From the proud and innocently incestuous royal Hawaiian siblings, Alii Nui and Kelolo Kanaloa; to the prim-and-proper Hale, Whipple and Hewlett missionaries and their overworked wives; to the sincere sea captain Janders and worldly womanizing whaler Hoxworth; to the selfless, tirelessly enterprising concubine Nyuk Tsin with her big feet and unlucky leprous lover, Kee Mun Ki; to the stout Sakagawa Kamejiro with long arms swinging at his knees, who swaps picture-brides with his crazily patriotic friend Mr. Ishii--a parade of memorable characters flourish and fade, only to be replaced by their equally endearing sons, daughters, grandchildren and great-grandchildren. Through beheadings and lovemaking, riots and baptism, plague and good health, conflagration and rebuilding, World War II and its aftermath, tsunami and Pacific paradise, strike and profit, struggle and frivolous pleasures, death and birth--gradually, over many generations, a unique, resilient Hawaiian culture evolves. Ultimately, despite the tendency of each individual, whatever his cultural upbringing, to cling prejudicially to his own traditions and values, out of the inevitable conflux of peoples arises a new type of Golden Man, "a man influenced by both the west and the east, a man at home in either the business councils of New York or the philosophical retreats of Kyoto, a man wholly modern and American yet in tune with the ancient and the Oriental."
Michener's sensitive portrayal of people, traditions and generational change--human strength through cultural diversity to build a brighter and more hopeful future for not only the microcosm of Hawaii but the world as a whole--is the hallmark of this remarkable contribution to literature.

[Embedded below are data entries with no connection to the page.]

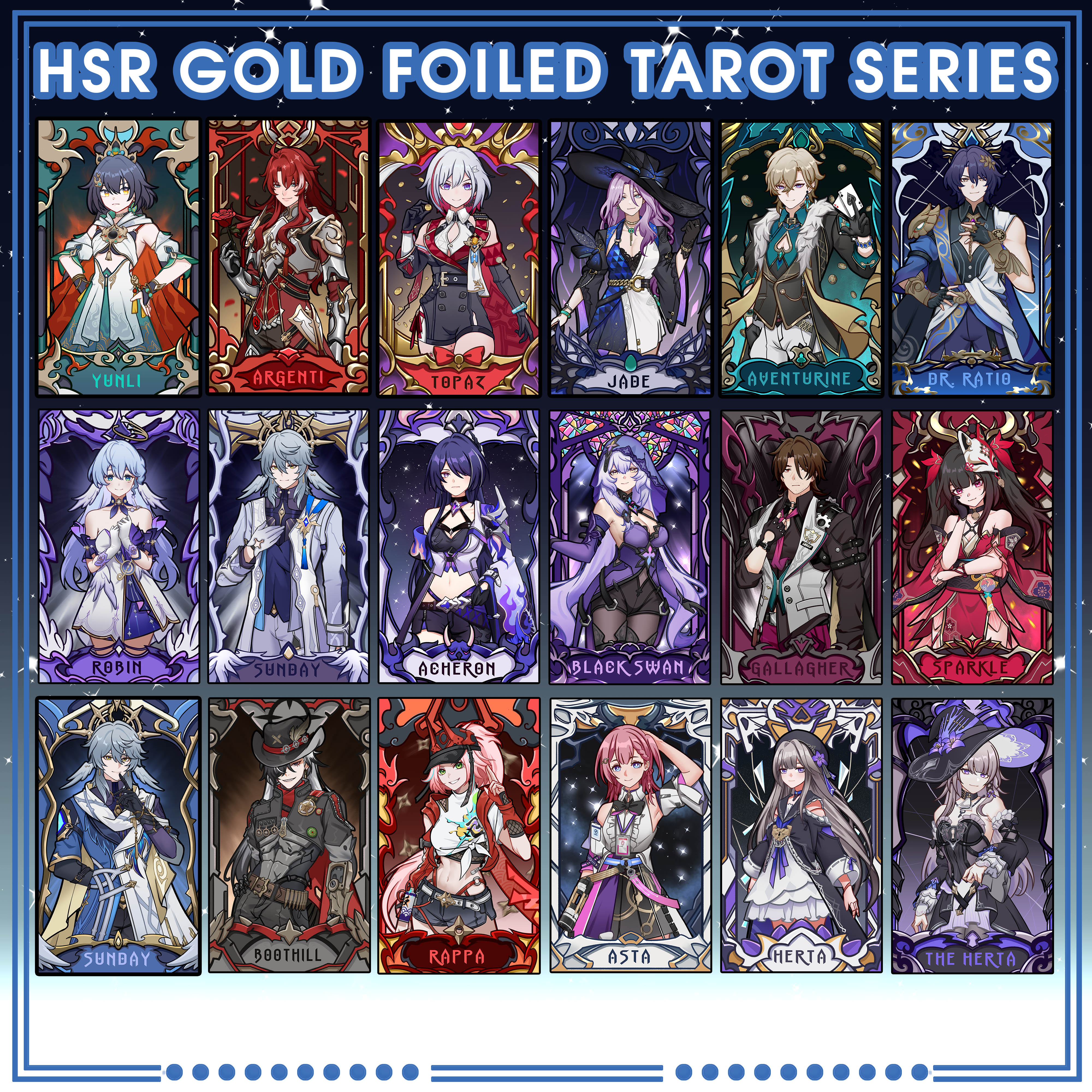 Tarot size (7cm x 12cm) Gold Honkai Star Rail and Genshin Cards, giving it a more luxurious feeling to it.
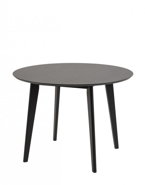 Deska stolu o průměru 105 cm je vyrobena z dýhované dubové desky a rám z kaučukového dřeva. Všechny prvky židle jsou mořeny černou barvou.
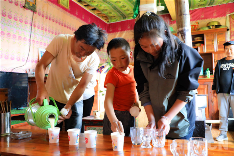 在另一戶村民家里,我們見到了德吉拉姆姐弟倆。姐弟倆非常有禮貌又主動熱情地為我們準備酥油茶、讓座、指路,顯然是父母的“得力小助手”。他們做起事來一板一眼、舉止落落大方,給我們留下很深刻的印象。

Self-centered Abner Hale, cursing all the non-Christian heathens and madly flailing his cane at sacred scrolls in a Buddhist temple, ironically dies a stubbornly devout, lonely missionary without a congregation; however, a century later his great-great-grandson, Hoxworth Hale, of one-sixteenth Hawaiian blood and, morever, having lived and breathed the quintessentially Hawaiian ebb and flow of disparate social, economic and political forces as head of the island's largest business empire, blossoms by story's end into the most enlightened of Michener's Golden Men. Indeed, where "ideas clash on equal footing and remain free to cross-fertilize and bear new fruit," there is hope and progress. Appropriately, the publication of this monumental work dates from 1959, the same year Hawaii ascended to statehood, becoming America's 50th state.
I highly recommend this masterpiece for anyone seeking a deeper appreciation of history and the catalysts of cultural change in our multifarious modern world. Whether you happen to be relaxing under swaying palms in Hawaiian paradise, lying on a white sand beach or elsewhere, pick up a copy of this mellifluous novel, absorb its radiance and enjoy!